Set down, word for word, the line with "The observation of" and the lines after it through the final line of the data below, without pictures.

*** Opening of INPUT DATA ***

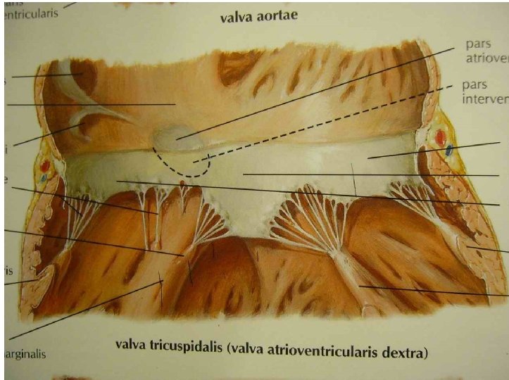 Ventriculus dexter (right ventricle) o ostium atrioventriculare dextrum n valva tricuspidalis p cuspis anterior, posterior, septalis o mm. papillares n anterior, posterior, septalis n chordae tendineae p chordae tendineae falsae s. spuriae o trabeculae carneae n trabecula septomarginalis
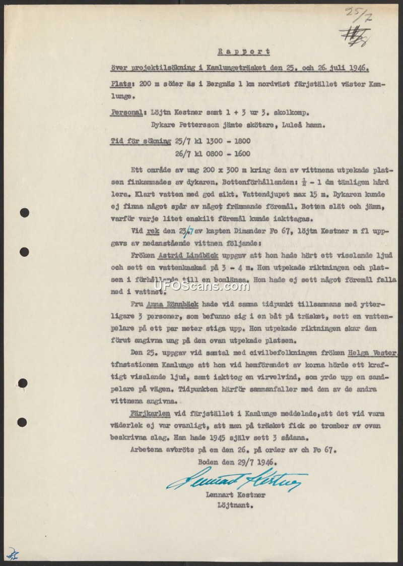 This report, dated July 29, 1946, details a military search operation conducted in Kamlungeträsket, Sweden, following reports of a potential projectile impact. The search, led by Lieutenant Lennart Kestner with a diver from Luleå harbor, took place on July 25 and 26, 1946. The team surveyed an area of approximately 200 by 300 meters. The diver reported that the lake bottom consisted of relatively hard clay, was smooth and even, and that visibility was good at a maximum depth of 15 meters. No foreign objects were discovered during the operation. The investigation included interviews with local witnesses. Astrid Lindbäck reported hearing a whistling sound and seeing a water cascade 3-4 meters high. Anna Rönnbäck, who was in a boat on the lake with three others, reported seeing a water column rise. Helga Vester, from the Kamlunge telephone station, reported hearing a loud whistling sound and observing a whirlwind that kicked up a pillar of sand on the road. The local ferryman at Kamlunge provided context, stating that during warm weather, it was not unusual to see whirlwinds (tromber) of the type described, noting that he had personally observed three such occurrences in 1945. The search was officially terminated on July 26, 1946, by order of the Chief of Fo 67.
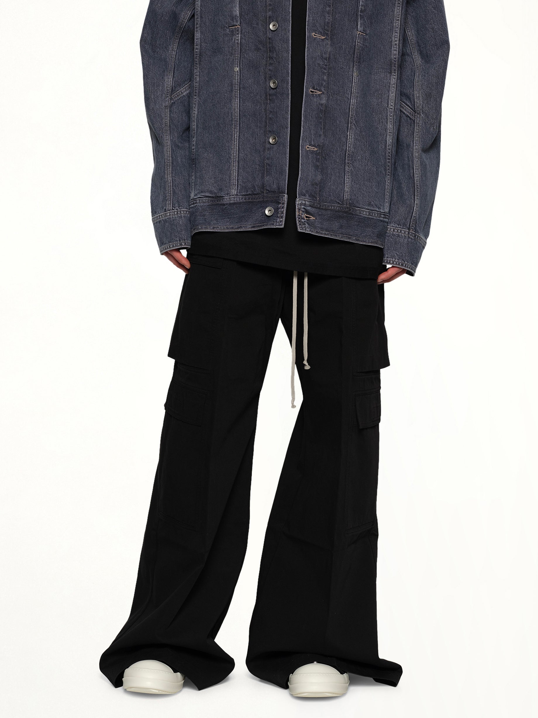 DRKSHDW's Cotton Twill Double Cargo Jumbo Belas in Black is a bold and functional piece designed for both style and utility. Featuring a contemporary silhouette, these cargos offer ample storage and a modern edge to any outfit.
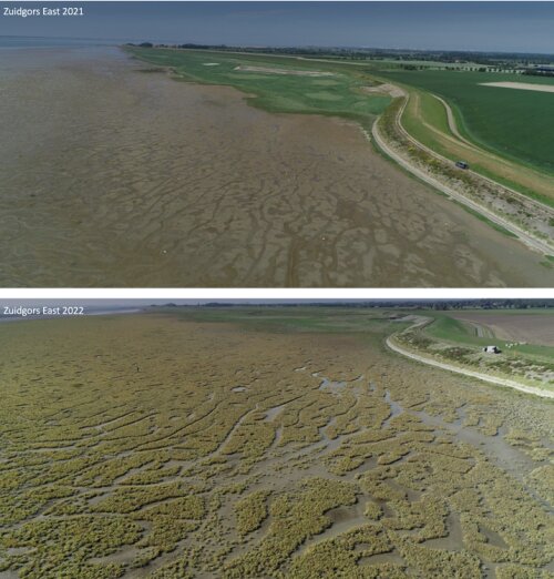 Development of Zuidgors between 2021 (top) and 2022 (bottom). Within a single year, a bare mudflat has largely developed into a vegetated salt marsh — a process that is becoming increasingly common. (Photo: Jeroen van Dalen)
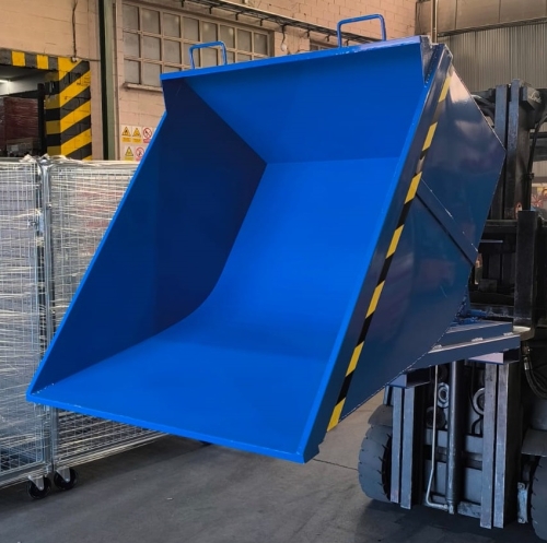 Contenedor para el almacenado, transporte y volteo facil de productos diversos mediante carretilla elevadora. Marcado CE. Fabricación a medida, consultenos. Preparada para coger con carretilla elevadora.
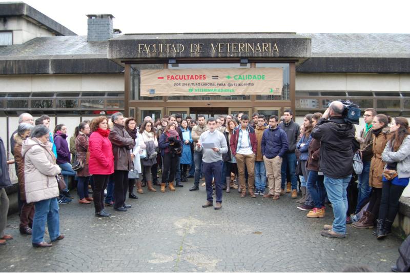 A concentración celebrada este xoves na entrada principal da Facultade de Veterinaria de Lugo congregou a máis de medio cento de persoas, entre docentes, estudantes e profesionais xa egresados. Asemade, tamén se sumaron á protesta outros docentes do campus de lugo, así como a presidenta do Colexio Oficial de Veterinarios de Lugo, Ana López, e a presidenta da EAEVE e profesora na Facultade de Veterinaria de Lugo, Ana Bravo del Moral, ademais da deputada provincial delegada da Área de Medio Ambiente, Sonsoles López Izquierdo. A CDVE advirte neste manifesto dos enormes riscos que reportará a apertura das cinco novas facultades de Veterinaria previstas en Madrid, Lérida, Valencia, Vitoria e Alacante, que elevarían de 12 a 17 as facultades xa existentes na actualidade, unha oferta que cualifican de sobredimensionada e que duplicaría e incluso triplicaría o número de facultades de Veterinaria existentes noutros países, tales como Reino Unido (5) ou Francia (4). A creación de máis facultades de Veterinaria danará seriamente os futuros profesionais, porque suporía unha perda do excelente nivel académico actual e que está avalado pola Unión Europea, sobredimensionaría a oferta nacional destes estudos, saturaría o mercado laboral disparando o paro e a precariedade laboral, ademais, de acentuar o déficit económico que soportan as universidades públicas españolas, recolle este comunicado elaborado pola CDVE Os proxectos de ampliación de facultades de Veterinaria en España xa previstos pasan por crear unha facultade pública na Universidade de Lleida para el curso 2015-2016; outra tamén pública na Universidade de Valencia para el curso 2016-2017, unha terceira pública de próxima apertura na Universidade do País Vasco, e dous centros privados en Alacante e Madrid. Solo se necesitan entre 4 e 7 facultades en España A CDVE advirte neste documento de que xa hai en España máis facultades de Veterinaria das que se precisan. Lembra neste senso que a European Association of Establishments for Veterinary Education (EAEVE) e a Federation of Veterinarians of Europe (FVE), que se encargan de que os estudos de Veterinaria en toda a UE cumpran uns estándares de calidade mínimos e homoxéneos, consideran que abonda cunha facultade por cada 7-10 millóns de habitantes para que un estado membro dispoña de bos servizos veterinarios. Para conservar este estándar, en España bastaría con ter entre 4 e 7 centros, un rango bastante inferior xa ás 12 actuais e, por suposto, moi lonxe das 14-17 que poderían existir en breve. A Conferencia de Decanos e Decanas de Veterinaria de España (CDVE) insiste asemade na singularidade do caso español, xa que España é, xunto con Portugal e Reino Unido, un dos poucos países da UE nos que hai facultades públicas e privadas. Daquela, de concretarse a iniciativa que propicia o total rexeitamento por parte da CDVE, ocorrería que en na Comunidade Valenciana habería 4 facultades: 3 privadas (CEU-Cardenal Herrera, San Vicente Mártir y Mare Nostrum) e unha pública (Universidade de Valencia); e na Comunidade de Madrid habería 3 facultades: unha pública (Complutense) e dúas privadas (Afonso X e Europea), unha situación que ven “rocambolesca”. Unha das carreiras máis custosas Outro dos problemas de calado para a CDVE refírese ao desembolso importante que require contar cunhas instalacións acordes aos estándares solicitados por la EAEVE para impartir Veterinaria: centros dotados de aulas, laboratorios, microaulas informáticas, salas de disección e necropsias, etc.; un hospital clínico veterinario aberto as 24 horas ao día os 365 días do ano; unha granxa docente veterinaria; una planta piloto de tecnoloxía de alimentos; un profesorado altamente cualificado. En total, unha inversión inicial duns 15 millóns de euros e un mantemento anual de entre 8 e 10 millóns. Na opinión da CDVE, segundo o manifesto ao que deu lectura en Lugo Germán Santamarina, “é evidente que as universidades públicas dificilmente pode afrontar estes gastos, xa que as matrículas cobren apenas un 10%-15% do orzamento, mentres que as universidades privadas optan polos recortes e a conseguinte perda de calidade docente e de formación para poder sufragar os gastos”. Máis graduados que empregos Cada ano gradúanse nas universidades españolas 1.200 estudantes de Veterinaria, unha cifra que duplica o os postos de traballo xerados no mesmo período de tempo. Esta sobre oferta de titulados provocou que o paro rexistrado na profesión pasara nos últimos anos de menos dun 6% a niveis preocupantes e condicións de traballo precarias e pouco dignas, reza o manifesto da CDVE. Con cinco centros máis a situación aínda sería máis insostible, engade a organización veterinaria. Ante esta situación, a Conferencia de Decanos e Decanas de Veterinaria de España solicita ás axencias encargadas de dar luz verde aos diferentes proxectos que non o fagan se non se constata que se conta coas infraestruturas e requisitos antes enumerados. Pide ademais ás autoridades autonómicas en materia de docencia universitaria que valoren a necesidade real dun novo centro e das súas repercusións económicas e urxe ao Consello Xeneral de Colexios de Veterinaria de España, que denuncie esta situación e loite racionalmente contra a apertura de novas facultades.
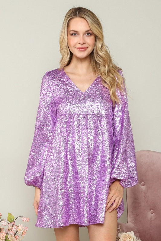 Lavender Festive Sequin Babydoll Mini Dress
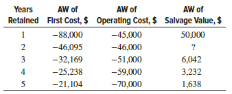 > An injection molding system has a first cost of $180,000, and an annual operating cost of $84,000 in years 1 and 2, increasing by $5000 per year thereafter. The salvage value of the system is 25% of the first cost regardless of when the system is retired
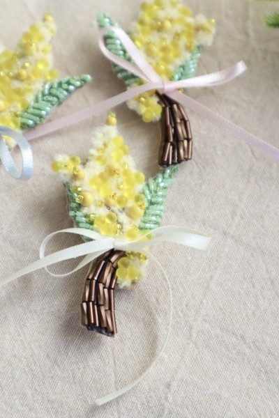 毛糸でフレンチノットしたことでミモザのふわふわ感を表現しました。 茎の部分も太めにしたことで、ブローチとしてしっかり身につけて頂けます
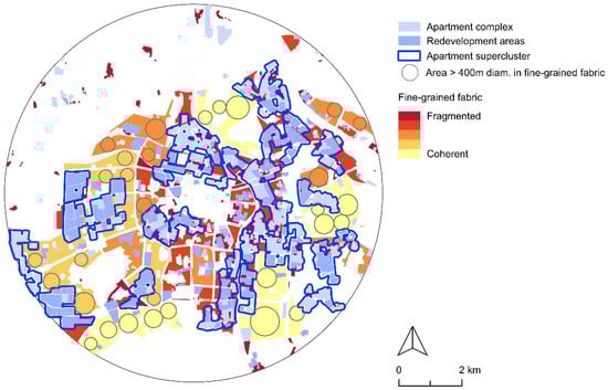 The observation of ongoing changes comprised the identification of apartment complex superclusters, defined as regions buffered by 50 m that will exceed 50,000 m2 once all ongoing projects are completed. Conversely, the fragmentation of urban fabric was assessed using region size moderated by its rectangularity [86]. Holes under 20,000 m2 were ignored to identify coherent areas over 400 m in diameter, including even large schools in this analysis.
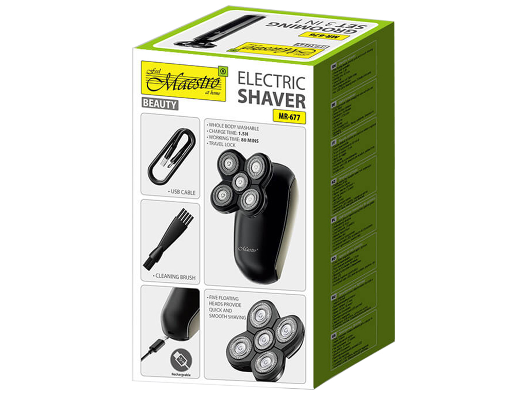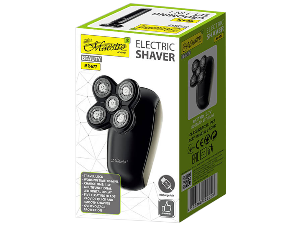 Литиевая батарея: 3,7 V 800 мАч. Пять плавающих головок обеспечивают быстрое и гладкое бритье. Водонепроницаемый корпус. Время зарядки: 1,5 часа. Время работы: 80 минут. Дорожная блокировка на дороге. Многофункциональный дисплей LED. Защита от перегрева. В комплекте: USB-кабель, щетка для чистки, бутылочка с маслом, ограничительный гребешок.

*** Close of INPUT DATA ***

## [YOUR RESPONSE]
 The observation of ongoing changes comprised the identification of apartment complex superclusters, defined as regions buffered by 50 m that will exceed 50,000 m2 once all ongoing projects are completed. Conversely, the fragmentation of urban fabric was assessed using region size moderated by its rectangularity [86]. Holes under 20,000 m2 were ignored to identify coherent areas over 400 m in diameter, including even large schools in this analysis.
 Литиевая батарея: 3,7 V 800 мАч. Пять плавающих головок обеспечивают быстрое и гладкое бритье. Водонепроницаемый корпус. Время зарядки: 1,5 часа. Время работы: 80 минут. Дорожная блокировка на дороге. Многофункциональный дисплей LED. Защита от перегрева. В комплекте: USB-кабель, щетка для чистки, бутылочка с маслом, ограничительный гребешок.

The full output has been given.